Today I wanted to look at the relative merits of different optimization paths that can be taken on a Greenfield project. That is to say, one that has no constraints imposed on it by previous decisions made, and has received little to no optimization work to date.
Specifically, the two optimizations I wanted to compare are optimizing mysql versus caching. I should point out in advance that these optimizations are really orthogonal. The only thing that ties you to doing one versus the other is that they both consume the resource developer time.

Optimizing MySQL

This optimization typically starts by taking a look at the queries that are being sent to MySQL and running EXPLAIN over them. With some investigation it’s frequently common to add an index or make a small tweak to schema.
Advantages:

  1. An optimized query is usually fast for all users accessing the application. Since indexes cut-through data via logarithmic search (aka divide and conquer like you would search a phone book), they also sustain performance somewhat with data growth. A cache masking an unindexed query can sometimes perform even worse as the data grows. With growth, users who don’t hit the cache may have such poor performance the application is not useable.
  2. Optimizing MySQL does not require you to worry about invalidating cache or serving stale data from a cache.
  3. Optimizing MySQL can keep the technology stack simpler, which makes it slightly easier to replicate and work with in development environments.

Disadvantages:
1. Some queries can not be improved via just indexes and may require schema changes which can be difficult to retrofit into some applications.
2. Some schema changes may be for de-normalization (duplication of data). While this is a common technique for DBAs, it needs ownership to make sure that all places are updated by the application, or triggers are installed to guarantee such changes.
3. Some optimizations may be MySQL-specific.

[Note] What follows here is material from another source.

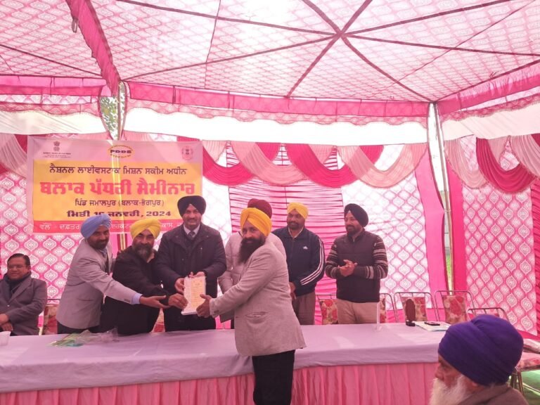 जालंधर: डेयरी व्यवसाय अपनाकर अपनी आय बढ़ाने के लिए जागरूकता बढ़ाने के लिए डेयरी विकास विभाग ने आज ब्लॉक भोगपुर में राष्ट्रीय पशुधन मिशन के तहत ब्लॉक स्तरीय जागरूकता सैमीनार का आयोजन किया।इसमें जमालपुर गांव और आसपास के गांवों के 250 से अधिक किसानों ने भाग लिया और दूध उत्पादन के क्षेत्र में बहुमूल्य जानकारी प्राप्त की।डिप्टी डायरैक्टर डेयरी विकास दविंदर सिंह ने किसानों को डेयरी व्यवसाय के बारे में जागरूक किया और बताया कि पंजाब सरकार किसानों की आय बढ़ाने को विशेष पहल दे रही है।उन्होंने कहा कि राष्ट्रीय पशुधन मिशन के तहत किसानों को उच्च तकनीक मशीनरी, चारा प्रबंधन, साइलेज बेलर और रैपर मशीन ,टीएमआर आदि पर मिलने वाली रियायतों का अधिक से अधिक लाभ लेना चाहिए।उन्होंने किसानों से अपील की कि डेयरी व्यवसाय एक लाभदायक व्यवसाय है, इसलिए उन्हें खेती के साथ-साथ इसे अपनाना चाहिए और पंजाब सरकार द्वारा दी जा रही सुविधाओं का अधिक से अधिक लाभ उठाया जाए। इस अवसर पर लीड बैंक के प्रतिनिधियों ने मुद्रा एवं स्टार्ट अप इंडिया के तहत उपलब्ध योजनाओं की जानकारी दी ताकि सरकार के वित्तीय साक्षरता एवं प्रबंधन लक्ष्य के तहत प्रत्येक डेयरी किसान को वित्तीय सहायता प्रदान की जा सके।इस अवसर पर हरदयाल सिंह, संजय कुमार, राम मूर्ति, गुरप्रीत कौर ने भी डेयरी उत्पादन के क्षेत्र से संबंधित बहुमूल्य जानकारी सांझा की।

That is to say if the underlying software is shipped to work on multiple databases, it is difficult to justify some of the more complex optimizations that go beyond adding indexes.

Adding a cache

This optimization requires one to profile the application, and move expensive processing away from MySQL and into a third-party cache such as memcached or Redis.
Advantages:
1. This works really well when the application has expensive queries that are difficult to optimize with MySQL. For example: large aggregate/GROUP BY queries.
2. Caching can be a good retrofit to increase throughput of the system. i.e. when slowness is a result of many people accessing the application at once.
3. Caching may sit on top of another application easier. For example: your application may just be a front-end to another software package that stores data in MySQL. It might be very difficult to make any database changes to that other application.
Disadvantages:
1. If the data has many access patterns to being served (i.e. appears on many different pages in different formats), then invalidating the cache on update may be difficult and/or require stale data to be served. An alternative to this, is to store data in a more fine-grained cache. This has its own disadvantages, such as added latency from many cache fetches.
2. Caching an object that is expensive to generate may create lurking performance cliffs for users that miss the cache (see Optimizing MySQL advantage #1). Good performance practice suggests that you should try and tighten the variance between users, not just the average (as caching tends to do).
3. Naive caching implementations suffer from subtle bugs, such as cache stampedes. Just last week I helped someone who’s database server was brought down by multiple users trying to regenerate the same cache contents at once. The correct solution would be to introduce some level of locking to serialize the cache regeneration.

Conclusion

I typically recommend users take a look at optimizing MySQL first, as I see this as initially the most elegant solution. But long term most applications do have a use-case for implementing some level of both approaches.